# Lizzy Borden Lives !!!



## Mad Mad Mark (Jan 1, 2010)

I have worked on this prop on and off all summer. Was tough to find vintage clothing and wig etc. But I did. I even found vintage white dress gloves from that era in an antique shop. She is made of paper mache...head torso etc.

Making her "Bustle" was a challenge ( Thank God for duct tape) as her.. er....

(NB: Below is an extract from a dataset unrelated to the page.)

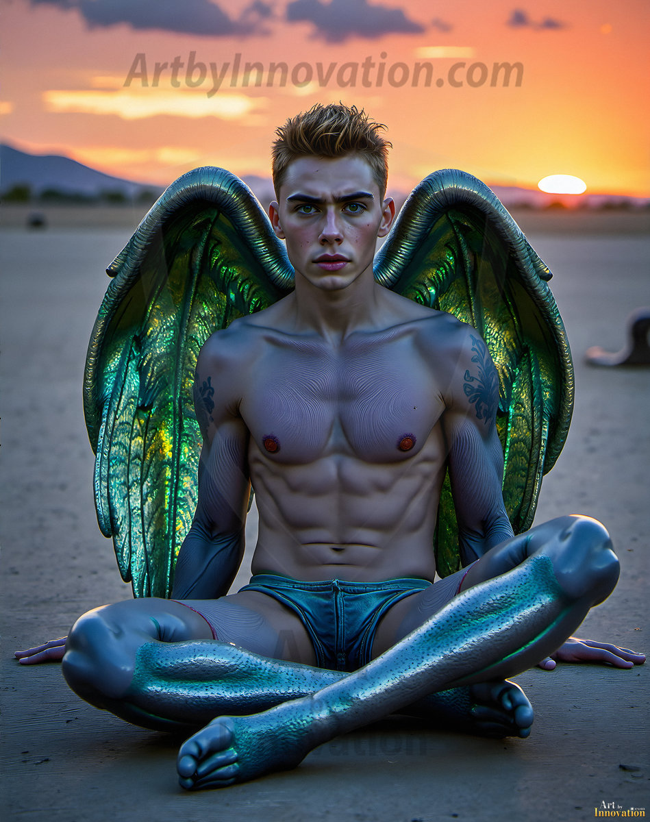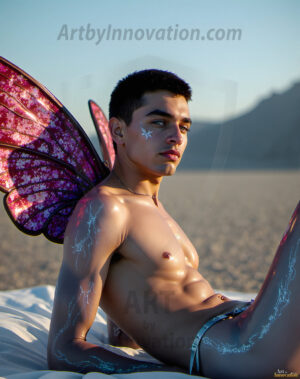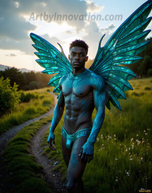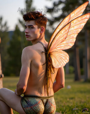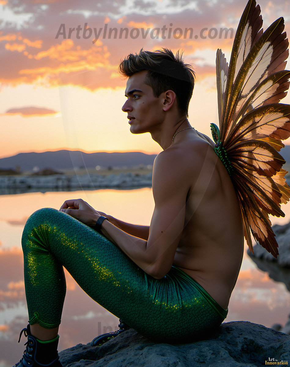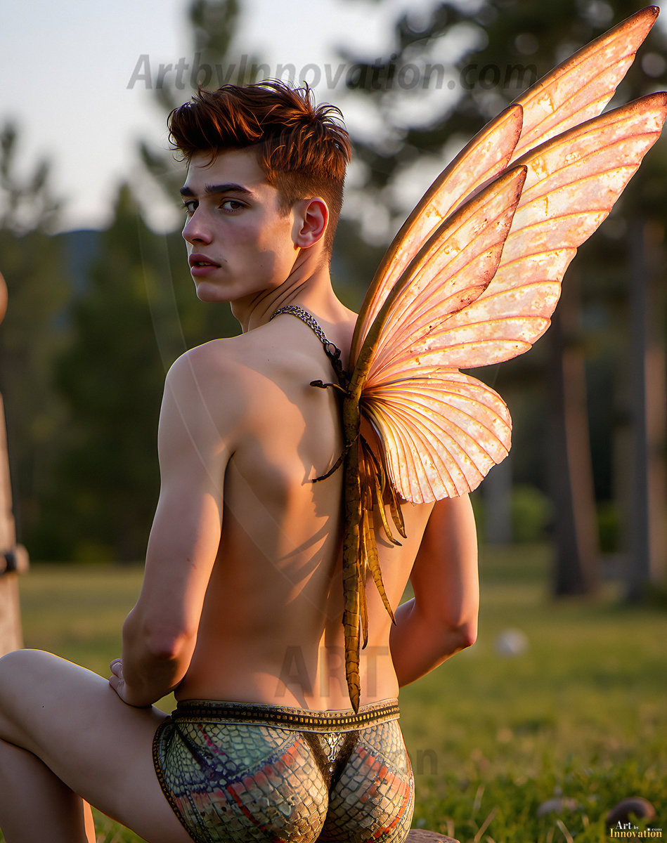 Capturing the pristine and elusive male fairy — brought to life through the power of AI. Imagine a realm where handsome young men possess enormous shimmering crystal wings, vibrant and radiant, capturing and reflecting the light of the environment in a mesmerizing way. Set in mysterious enchanted forests, each fairy exudes an otherworldly beauty and elegance that blurs the line between fantasy and reality. Created using Flux.1, ComfyUI, and Stable Diffusion by © Jeff Dupler | Art by Innovation | https://www.artbyinnovation.com

Butt wanted to sag. I hope you all like my version of Lizzy Borden.


----------



## bobzilla (Nov 13, 2008)

Nice job !


----------



## avarax (Aug 18, 2010)

Looking good!


----------



## kprimm (Mar 14, 2009)

I like her as long as she stays away from me with that axe.


----------



## ScreamingScarecrow (Oct 1, 2008)

Great Prop! She's got those cold killer eyes!


----------



## cerinad (Jun 23, 2008)

That's pretty cool. Awesome job. Definitely don't want her near me with that axe either.


----------



## trishaanne (Aug 20, 2005)

Hmmm...I wonder if duct tape will help mine....LOL. Great job!


----------



## morbidmike (Sep 11, 2009)

nice work she looks good I dig the vintage clothes


----------



## fick209 (Aug 31, 2009)

Love your version of Lizzy Borden, very cool!


----------



## nixie (Sep 17, 2008)

She's scary!!! Great job!!


----------



## Dark Angel 27 (Sep 11, 2008)

that's very creepy...nice job!


----------



## Mad Mad Mark (Jan 1, 2010)

Thank you all for the kind comments. She was fun to make!


----------



## shar (Jun 19, 2010)

Of course I love her, just fabulous!!


----------



## PirateLady (Jul 23, 2010)

Great Job!!!! Looking good


----------



## randomr8 (Oct 24, 2009)

Excellent use of duct tape!! Nice job.


----------



## playfx (Mar 10, 2007)

This thing creeps me out......nice work!


----------